PMTU (Path MTU) Discovery


Summary

Internet computers, mostly servers, sometimes send packets too large for part of a given path.  Not handling this correctly can make the server unusable for some people.
Correct handling of oversize packets is by one of two means, as chosen by the sending computer (the server):

Permitting Packet fragmentation - used mostly by older systems
Path MTU discovery - asking for ICMP notification when fragmentation would be needed

By default, modern servers disable fragmentation (DF) and try to use path MTU discovery, but sometimes the system administrators block the ICMP notifications.  Overall, these servers ask for ICMP notification of packets that are too large and then refuse to accept the notifications they ask for.
Unable to learn that they are sending packets are too big for some paths, the servers are unable to send data to some users.  To overcome this they need to accept appropriate ICMP types or allow fragmentation.

Path MTU Discovery

Every network link has a maximum packet size called the link's MTU (Maximum Transmission Unit).  The full path from one computer to another may travel across many links with different MTUs.  The smallest MTU for all the links in a path is the path MTU.

If a packet starts out on a network segment with a large MTU, it may arrive at a link with a smaller MTU and be too big to fit.  Most servers are on segments with large MTUs, but it is increasingly common for internet users to be connected via links with reduced MTUs, so it is becoming common for some packets to be too big.

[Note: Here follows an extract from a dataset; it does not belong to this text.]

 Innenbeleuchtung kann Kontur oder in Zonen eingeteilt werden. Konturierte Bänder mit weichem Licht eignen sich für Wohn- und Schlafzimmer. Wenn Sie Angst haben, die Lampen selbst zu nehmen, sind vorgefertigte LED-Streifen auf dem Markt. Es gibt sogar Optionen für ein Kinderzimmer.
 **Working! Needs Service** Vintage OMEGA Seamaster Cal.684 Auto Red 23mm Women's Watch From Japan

How the problem of oversize packets has been handled has evolved considerably over time.  The original approach was to send only small packets corresponding to the TCP/IP default MTU (576 bytes).  (To this day, a sending system needs permission from the receiving system to send larger packets, but that permisssion is given as a matter of routine.)

For some packets, especially those sent by older equipment, an oversize packet can be sent by breaking it into fragments and sending the fragments as smaller packets.  The fragments can be reassembled downstream to reconstruct the original large packet, but this packet fragmentation has several problems involving both efficiency and security.

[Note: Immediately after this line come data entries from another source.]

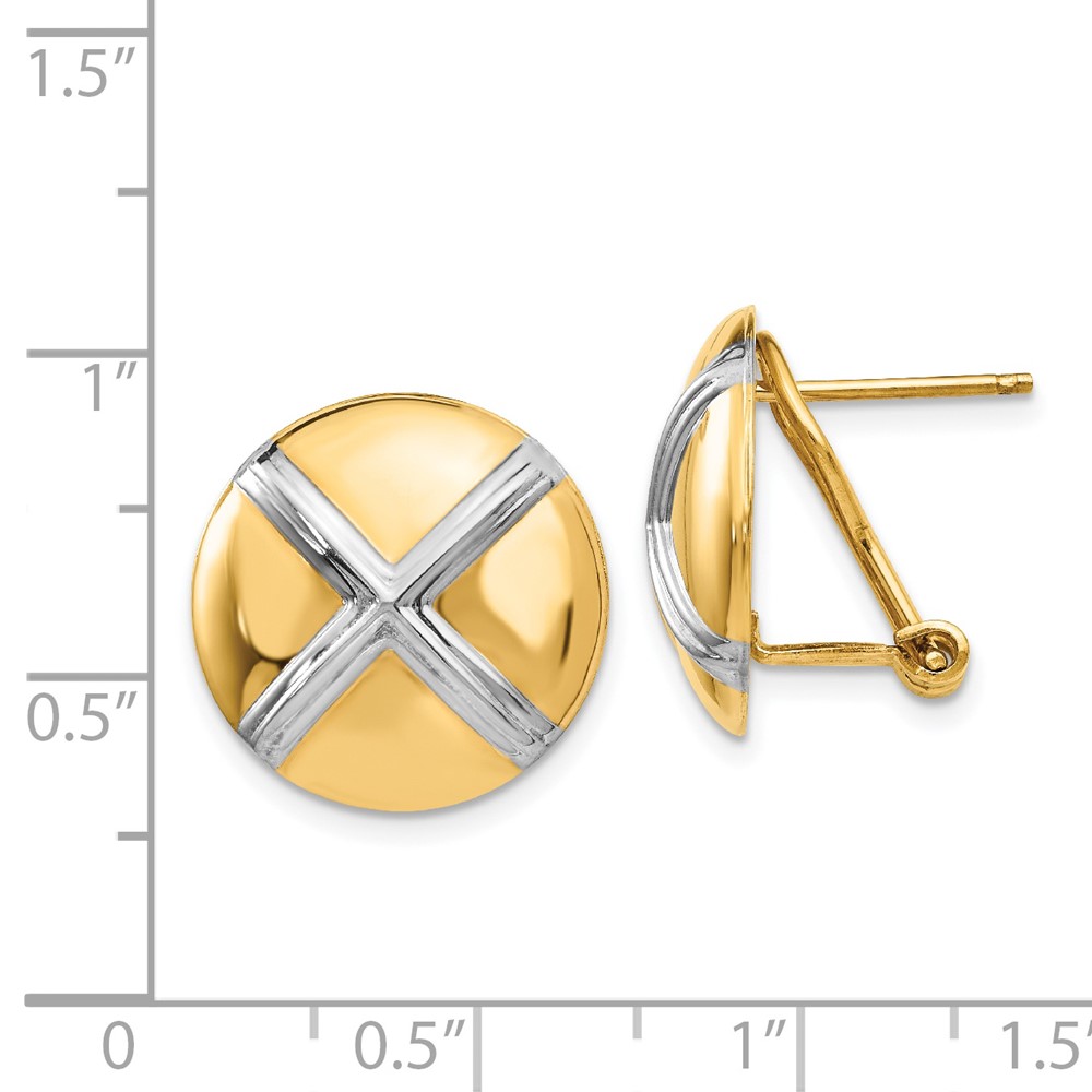 14k and White Rhodium 16mm Polished X-Circle Omega Back Post Earrings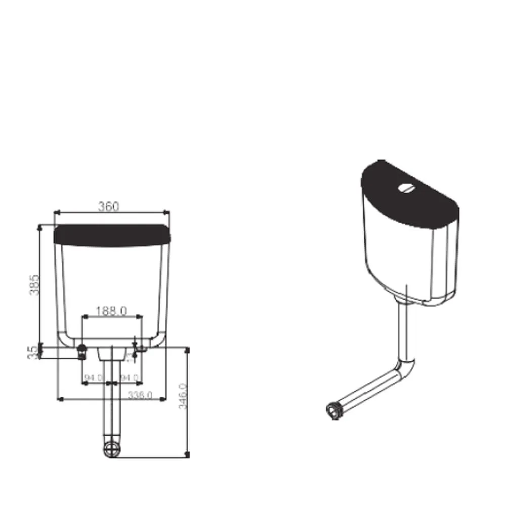 Essco ESH-WHT-184NBTL — это настенный бачок с белым корпусом и контрастной чёрной крышкой, предназначенный для установки с напольными унитазами (EWC). Модель укомплектована всем необходимым для монтажа и обеспечивает надёжную работу системы смыва.
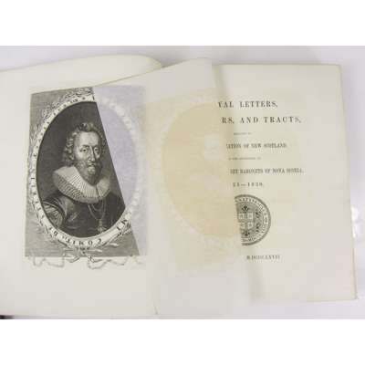 Royal Letters, Charters and Tracts, relating to the Colonization of New Scotland. 1867, plates, maps; Concilia Scotiae. 1866, 2 volumes bound in one, frontispiece; Adversaria. Notices illustrative of some of the earlier works. 1867, plates; Kerr, Sir Robert Correspondence of Sir Robert Kerr, First Earl of Ancram and his son William, Third Earl of Lothian. 1875, 2 volumes; Myln, A. Vitae Dunkeldensis Ecclesiae Episcoporum. 1831; Kennedy, Quintine Ane Oratioune. 1812; bound with 2 others; Catalogue of the Graduates in the Faculties of Arts, Divinity and Law. 1858; 2 volumes rubbed (8)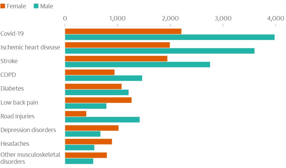 The analysis estimates that for 13 out of the top 20 causes of illness and death, including Covid-19, road injuries, and a range of heart, respiratory and liver diseases, the rate was higher in men than women in 2021.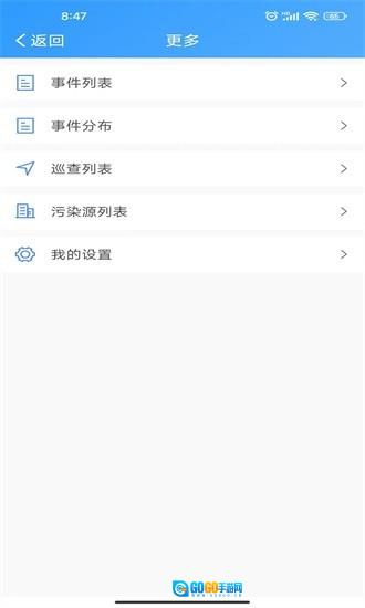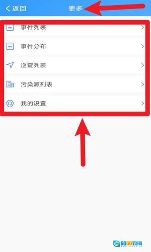 3、点击首页的“更多功能”进入扩展选项,就能查看事件列表、污染源列表以及个人设置等辅助功能。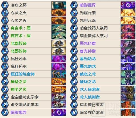 因为心火龙随从费用偏低,而且有疯狂和破晓龙等返场手段,对控制卡组早期站住场不难。对快攻更是不用考虑太多,用你所有手牌资源辅助你站住场吧,基本上站住就赢啦。所以不要吝啬翻倍,心火等等法术, 现在环境沉默太多,可以的话贴BUFF尽量分散投资。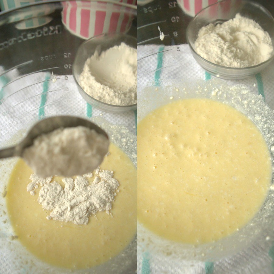 Mezclamos la harina con la levadura y la vamos añadiendo poco a poco mientras removemos con una cuchara de metal.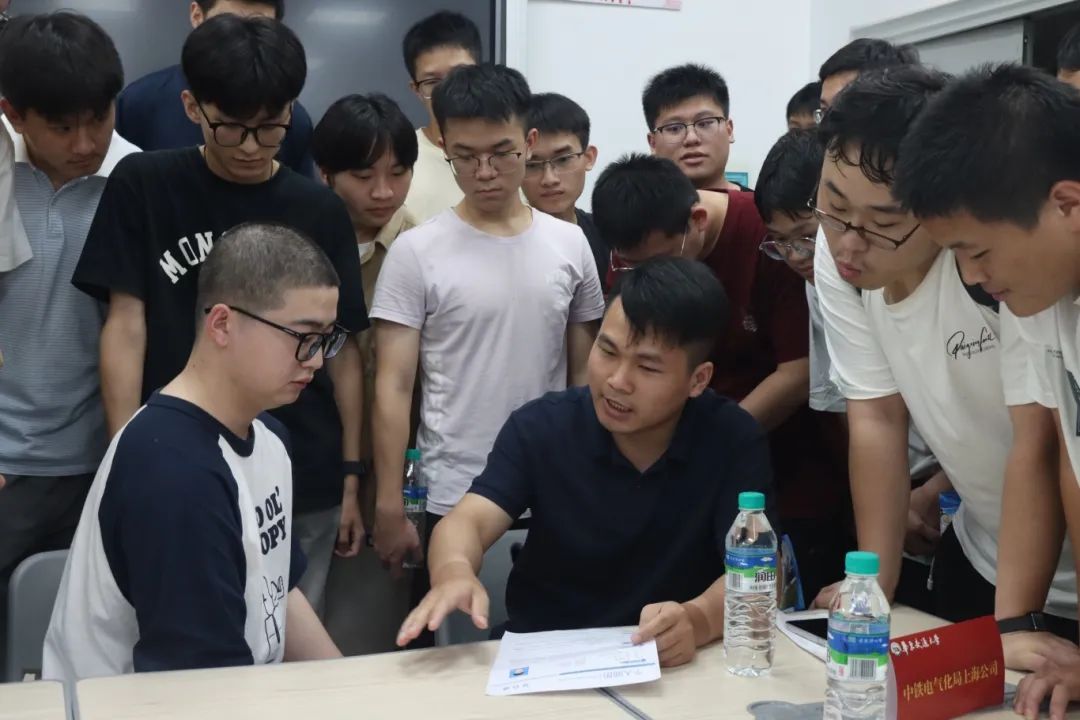 6 月 12 日下午,学院于教 25 栋三楼成功举办 2022 级考研员工专场招聘会暨暑期实习活动。公司党委副书记刘修财,院就业干事彭世惠、22 级辅导员到场参加。本次招聘会汇聚行业优质资源,中国通号建设集团、中铁武汉电气化局集团有限公司、中铁电气化局集团有限公司、中国电建集团江西省电力设计院有限公司、华勤技术股份有限公司、深圳麦格米特电气股份有限公司、广州市邦普电脑技术开发有限公司、天津凯发电气股份有限公司、深圳汇义科技有限公司、南昌铁路勘测设计院有限责任公司等十余家知名企业携岗位参会。

Newer servers try to optimize their transmissions by discovering the path MTU and sending packets of the maximum size when there's enough data to fill them. The procedure for doing this was standardized and published as RFC 1191 in 1990, but it did not become widely deployed until years later. By mid 2002, 80% to 90% of computers on the internet used path MTU discovery.

The basic procedure is simple - send the largest packet you can, and if it won't fit through some link get back a notification saying what size will fit.  The notifications arrive as ICMP (Internet Control Message Protocol) packets known as "fragmentation needed" ICMPs (ICMP type 3, subtype 4).  The notifications are requested by setting the "do not fragment" (DF) bit in packets that are sent out.

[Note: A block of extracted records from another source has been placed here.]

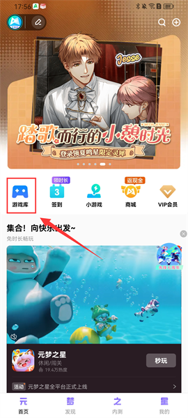 2、进入软件首页,会看到首页有推荐超多好玩的游戏,我们首先点击【游戏库】,如下图所示;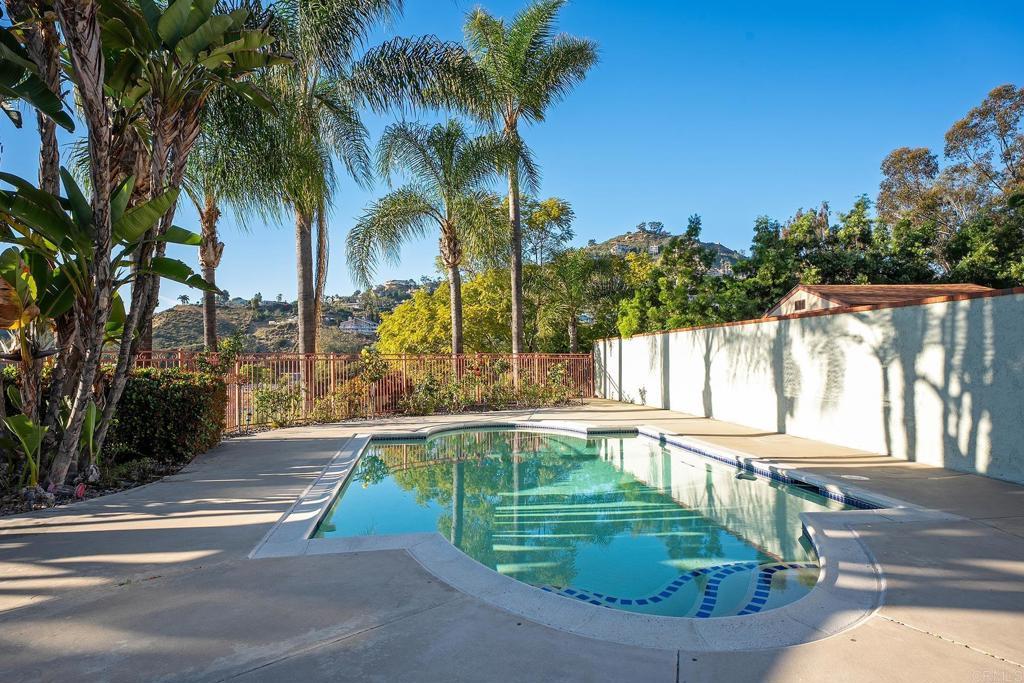 BEAUTIFULLY MAINTAINED 4 BEDROOM, 3 BATH VIEW HOME ON MT HELIX ON A .70 OF AN ACRE LOT AND THIS ONE IS LOADED, INCLUDING NEWER DUAL PANE WINDOWS AND SLIDERS,SOLAR, LARGE LIVING ROOM WITH FIREPLACE AND VAULTED CEILINGS, UPGRADED KITCHEN WITH GRANITE COUNTERS, CENTER ISLAND, STAINLESS APPLIANCES AND PANTRY, SHUTTERS, FAMILY ROOM WITH CUSTOM BUILT-INS AND A WET BAR, FORMAL DINING ROOM, INSIDE LAUNDRY, NEWER HVAC WITH NEW DUCTING, RAISED PANEL DOORS, NEWER WATER HEATER, NEWER ALARM SYSTEM, SPACIOUS BEDROOMS, HUGE PRIMARY BEDROOM WITH VAULTED CEILINGS AND A WALK-IN CLOSET, PRIMARY BATH HAS A DUAL VANITY ALONG WITH A SEPARATE TUB AND WALK-IN SHOWER, CEILING FANS, PROFESSIONALLY LANDSCAPED YARD WITH MULTIPLE COVERED PATIOS, ARTIFICIAL TURF, PALM TREES, ROSE GARDEN, BEAUTIFUL POOL WITH ALL NEW DECKING, STUNNING VIEWS, 2 CAR GARAGE, CUL DE SAC LOCATION, RV PARKING AND MUCH MORE. 4TH BEDROOM IS CURRENTLY BEING USED AS AN OFFICE AND DOESN'T HAVE A CLOSET.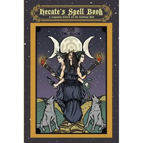 - Features a celestial illustration of the Hecate Triformis and her dogs in the Major Aracana tarot card "The Moon"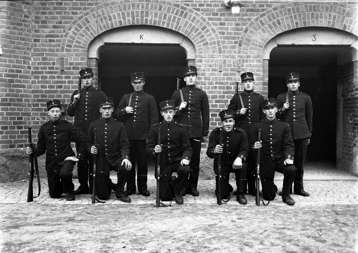 Gruppfoto utanför kasern.

Some network and system administrators view all ICMPs as risky and block them all, disabling path MTU discovery, usually without even realizing it.  Of the several dozen ICMP types and subtypes, some do pose some risk, but the risk is mostly mild and is of the "denial of service" nature.  That is, an attacker can use them to interfere with service on and from the network.

By blocking all ICMPs the administrator himself interferes with service on and from his own network.  Unless he also turns off path MTU discovery on his network's servers, he makes his servers unusable by users with reduced-MTU links in their paths.  Because service is affected only in relatively unusual cases, it can be difficult to convince the administrator that a problem exists.  The prevalence of such "unusual" cases is growing rapidly though.

Administrators who want to block all ICMPs should disable path MTU discovery on their computers, especially on their servers. It makes no sense to ask for ICMP notifications and then refuse to accept them.  In addition, doing so opens the server to a special type of distributed denial of service attack based on resource exhaustion from a large number of fully-open connections.

Path MTU discovery can be turned off:


Disabling path MTU on Windows systems requires modifying the Windows Registry.  Microsoft's support website has information and cautions about the Registry.
Recommended to use the Dr. TCP utility for Windows.


Under Linux, with the command
    echo  1  >/proc/sys/net/ipv4/ip_no_pmtu_disc

Under FreeBSD, by using sysctl(8) to zero
    tcp.path_mtu_discovery

On Cisco routers,with the configuration command
    no ip tcp mtu-path discovery

Example Path MTU Discovery Failure Scenario

Joe User has a DSL line.  Like many DSL lines, Joe's line actually comes from a large DSL wholesaler and uses PPPoE (PPP over Ethernet) to create a logical channel between Joe and his favorite ISP.  The DSL line physically connects to a small PPPoE router with a built-in hub, which Joe uses as the basis for his home network.

The MTU on Joe's network is Ethernet's usual 1500 bytes.  The MTU on his DSL line is also 1500 bytes, but PPPoE uses 8 of these bytes for an 8-byte PPPoE header, so the MTU of his PPPoE channel to his ISP is only 1492 bytes.

A computer on Joe's Ethernet doesn't know about the PPPoE channel.  The largest packet it can receive is a 1500-byte Ethernet packet, so when Joe uses his computer to connect to a remote server, his computer tells the server it's ok to send packets up to 1500 bytes.[*]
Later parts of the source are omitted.